I don't disagree with you there; moving air contains enough energy to knock water molecules out of clothes (line drying on a windy day doesn't need a high ambient temperature),....
Indeed. One issue is that cooler air is able to hold much less water vapour, so one would presumably need to shift a lot more cool air than hot air. Whilst, in some senses, that's not a problem, as you go on to say ....
..... though in a dryer setting we do generally need some way of dealing with the moisture once it's in the air - either condensing it out or venting it out.. if we're venting it out that's a problem for things like Passivhaus and other well insulated dwellings because the dryer is actively deleterious to the warm envelope of the house ....

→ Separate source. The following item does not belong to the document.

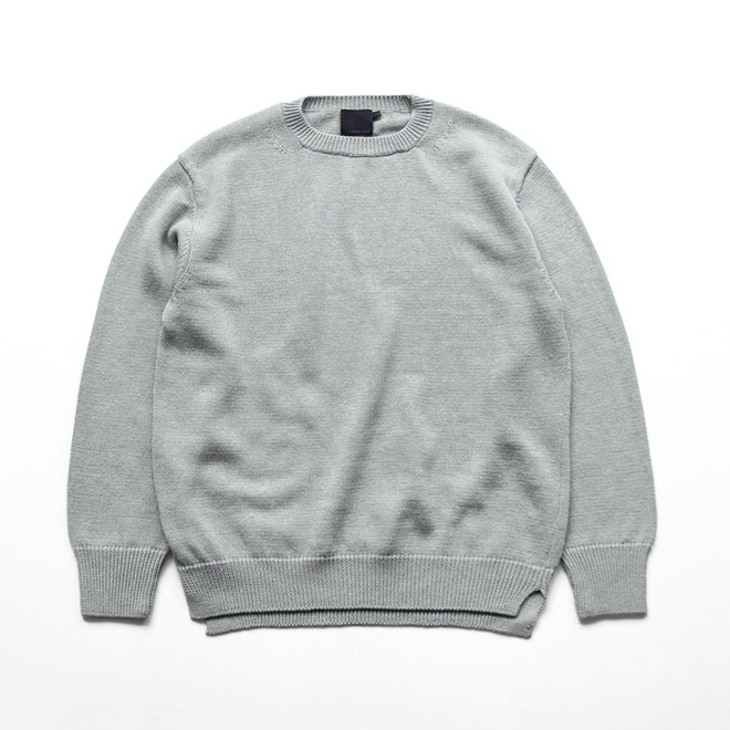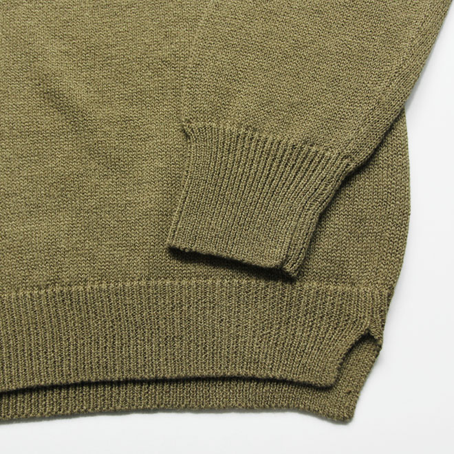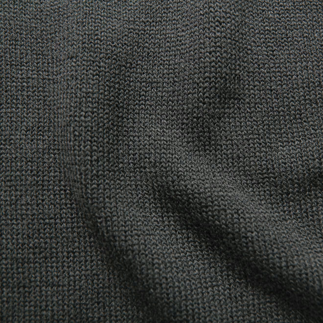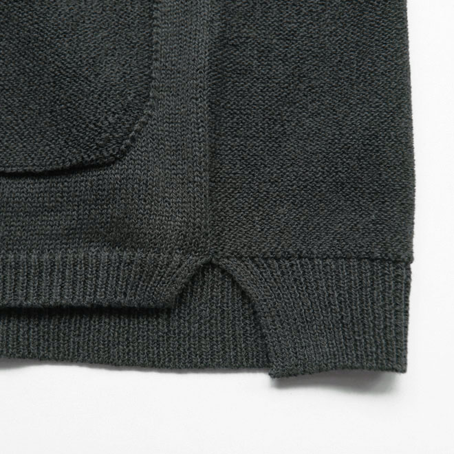 ミドルゲージの中厚地となり、前身頃は表側、袖、ポケット、後身頃は裏側、と編地の表裏両面を使い、わずかながらも変化を加えています。

Indeed, but that's qualitatively true whether the air is hot or ambient - the difference, as above, being that if one uses cooler air, one has to lose/'waste' more of the air which is at 'indoor ambient temp'. Mind you, that's only an issue at times of year when the air inside the house is being heated - at other times of the year, it doesn't matter a jot how much of the indoor air gets pumped out.
.... And if we're condensing it then we need to do something to generate a temperature difference, which is probably a heat pump or compressor
True, but condensing isn't the only way of removing water vapour for air - there are plenty of very hygroscopic substances around (even the anhydrous copper sulphate we played with at school). However, unless we threw away the used substance (environmentally bad, and with a cost), one would (assuming the situation was reversible) need energy (hence cost) to heat it to 'recycle' it.

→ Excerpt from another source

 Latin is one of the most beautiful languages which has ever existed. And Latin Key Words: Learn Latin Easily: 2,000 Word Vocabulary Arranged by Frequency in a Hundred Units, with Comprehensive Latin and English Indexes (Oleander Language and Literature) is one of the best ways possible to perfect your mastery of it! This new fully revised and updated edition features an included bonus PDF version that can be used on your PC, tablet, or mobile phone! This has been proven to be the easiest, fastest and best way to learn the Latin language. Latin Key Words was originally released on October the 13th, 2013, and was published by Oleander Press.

Perhaps they won't one day, when they've achieved a similar ubiquity, but I don't know why the scale of economics fridges benefit from doesn't have more of an impact on HP driven appliances sooner. I can only imagine that there's a bit of marketing/hype surcharging going on
I agree. Heat pumps are, as you say, not conceptually different from (potentially very cheap) fridges and freezers.
That's a great point that I hadn't considered , I think because I couldn't see it; I had the luxury of designing the house I sit in now, and there is a 300L hot water tank sat next to the washer, on the other side of the wall to the sink and dishwasher and immediately underneath the main bathroom all plumbed on the end of about 2m of plastic pipe each. This was a conscious decision focused on making close use of a single waste stack and having short pipe runs so taps came hot quickly
In that case, then 'dual fill' appliances would almost certainly be beneficial for you - but you are problem the 'exception', rather than the rule.
I'd forgotten about my in-laws' place, on the other side of the party wall; designed by them but with not so much attention to this aspect where, literally, the sink and dishwasher are in the north corner, the washer in the east, hot water tank in the south and bathrooms in the west, all plumbed in in copper and the sink takes at least 30 seconds to run warm.. That's about 5L I believe and more than each washing stage consumes..
Same here. At a very rough estimate, there's probably something like 20m of pipework (a mixture of 22mm and 15mm) between our hot water cylinder and the appliances. If one assumes 10m of each size of pipe, that seem to amount to about 5.6 L, similar to your in-laws' house - so definitely very significant with today's 'low volume' appliances.